_TASK PROMPT_
Using the records below, write out again exactly the lines that begin at the line containing "The Quantum QBR-2721-230-12CL Bench" and end at the line containing "百丽踏厚底洞洞鞋女款2025新款夏季外穿溯溪沙滩运动防滑增高老爹凉鞋女 白色【黑白煤球】6187 37", and no other lines.

_GIVEN INFORMATION_
□ □ □ □ □
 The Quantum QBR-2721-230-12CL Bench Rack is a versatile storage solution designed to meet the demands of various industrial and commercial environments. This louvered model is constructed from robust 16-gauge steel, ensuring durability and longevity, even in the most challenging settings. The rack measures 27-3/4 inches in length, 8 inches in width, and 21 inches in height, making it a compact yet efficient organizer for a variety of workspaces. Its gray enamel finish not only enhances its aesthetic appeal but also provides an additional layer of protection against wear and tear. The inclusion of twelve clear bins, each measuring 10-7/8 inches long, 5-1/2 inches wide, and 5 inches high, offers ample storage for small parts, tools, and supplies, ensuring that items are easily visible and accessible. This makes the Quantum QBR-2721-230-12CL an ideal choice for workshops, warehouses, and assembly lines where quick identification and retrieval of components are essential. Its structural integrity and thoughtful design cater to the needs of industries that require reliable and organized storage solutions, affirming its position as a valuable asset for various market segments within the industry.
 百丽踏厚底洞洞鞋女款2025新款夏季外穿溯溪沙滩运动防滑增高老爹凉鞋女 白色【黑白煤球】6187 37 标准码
□ □ □ □ □
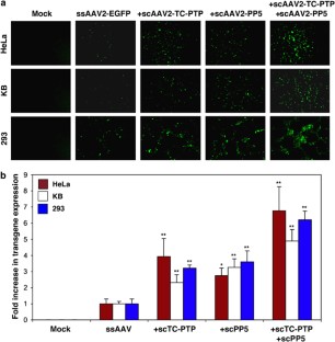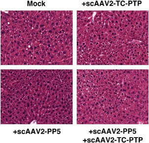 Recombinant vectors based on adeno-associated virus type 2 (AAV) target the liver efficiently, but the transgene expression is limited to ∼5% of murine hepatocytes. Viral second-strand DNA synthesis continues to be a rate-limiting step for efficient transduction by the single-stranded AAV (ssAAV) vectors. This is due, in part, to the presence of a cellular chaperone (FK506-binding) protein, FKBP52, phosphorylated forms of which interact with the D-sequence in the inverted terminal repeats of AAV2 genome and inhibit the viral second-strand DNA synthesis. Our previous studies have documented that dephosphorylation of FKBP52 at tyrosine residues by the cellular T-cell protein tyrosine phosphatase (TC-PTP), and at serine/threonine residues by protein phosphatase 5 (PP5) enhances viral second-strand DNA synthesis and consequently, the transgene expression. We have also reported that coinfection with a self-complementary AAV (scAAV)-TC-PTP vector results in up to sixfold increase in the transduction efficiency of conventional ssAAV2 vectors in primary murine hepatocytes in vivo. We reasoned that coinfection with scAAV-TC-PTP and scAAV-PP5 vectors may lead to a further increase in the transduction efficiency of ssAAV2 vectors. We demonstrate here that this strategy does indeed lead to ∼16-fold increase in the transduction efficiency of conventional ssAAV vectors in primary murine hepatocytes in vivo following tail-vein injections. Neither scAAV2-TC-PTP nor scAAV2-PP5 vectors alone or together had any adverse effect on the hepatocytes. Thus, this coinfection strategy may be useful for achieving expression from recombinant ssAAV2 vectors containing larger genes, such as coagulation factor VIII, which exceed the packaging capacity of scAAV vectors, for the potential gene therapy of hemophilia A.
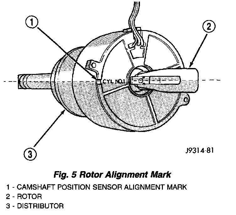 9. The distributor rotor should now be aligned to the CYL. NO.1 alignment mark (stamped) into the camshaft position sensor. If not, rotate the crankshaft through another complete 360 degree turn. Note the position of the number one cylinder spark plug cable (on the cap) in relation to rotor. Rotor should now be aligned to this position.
□ □ □ □ □
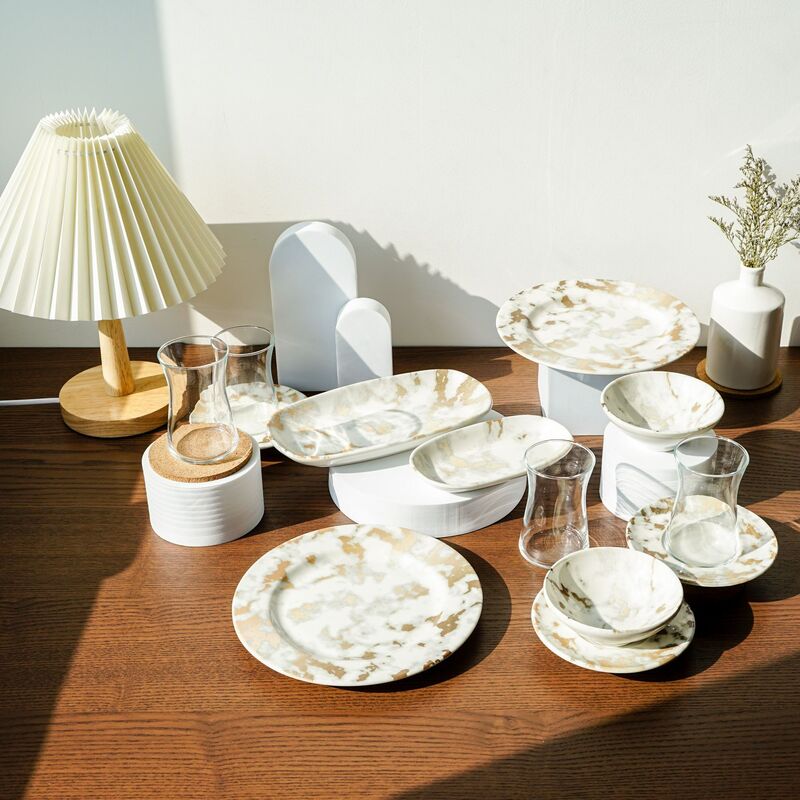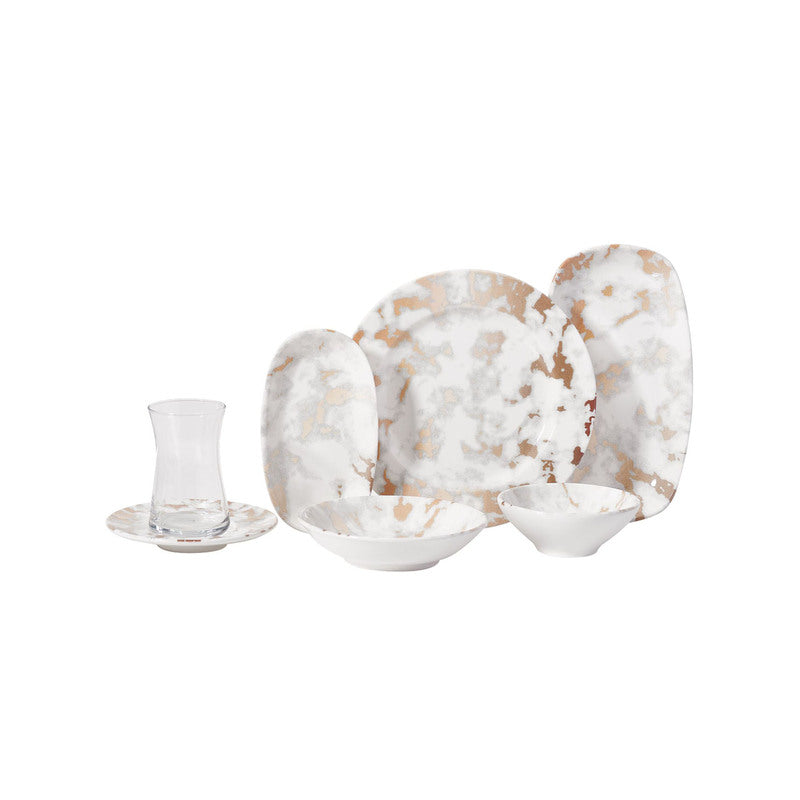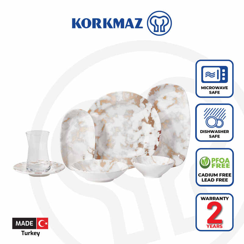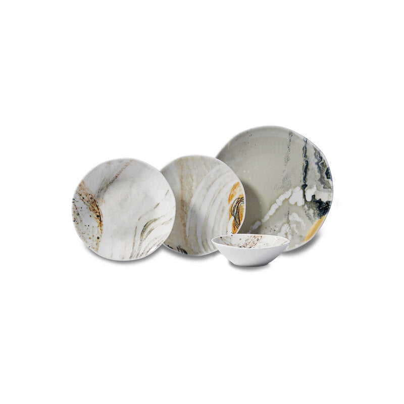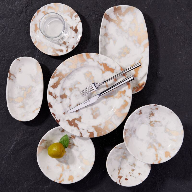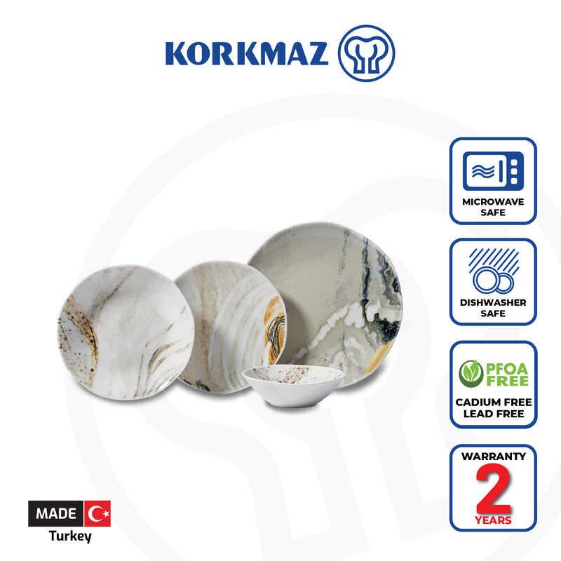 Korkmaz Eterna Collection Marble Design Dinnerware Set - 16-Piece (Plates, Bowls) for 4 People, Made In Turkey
□ □ □ □ □
_ANSWER BELOW_
 The Quantum QBR-2721-230-12CL Bench Rack is a versatile storage solution designed to meet the demands of various industrial and commercial environments. This louvered model is constructed from robust 16-gauge steel, ensuring durability and longevity, even in the most challenging settings. The rack measures 27-3/4 inches in length, 8 inches in width, and 21 inches in height, making it a compact yet efficient organizer for a variety of workspaces. Its gray enamel finish not only enhances its aesthetic appeal but also provides an additional layer of protection against wear and tear. The inclusion of twelve clear bins, each measuring 10-7/8 inches long, 5-1/2 inches wide, and 5 inches high, offers ample storage for small parts, tools, and supplies, ensuring that items are easily visible and accessible. This makes the Quantum QBR-2721-230-12CL an ideal choice for workshops, warehouses, and assembly lines where quick identification and retrieval of components are essential. Its structural integrity and thoughtful design cater to the needs of industries that require reliable and organized storage solutions, affirming its position as a valuable asset for various market segments within the industry.
 百丽踏厚底洞洞鞋女款2025新款夏季外穿溯溪沙滩运动防滑增高老爹凉鞋女 白色【黑白煤球】6187 37 标准码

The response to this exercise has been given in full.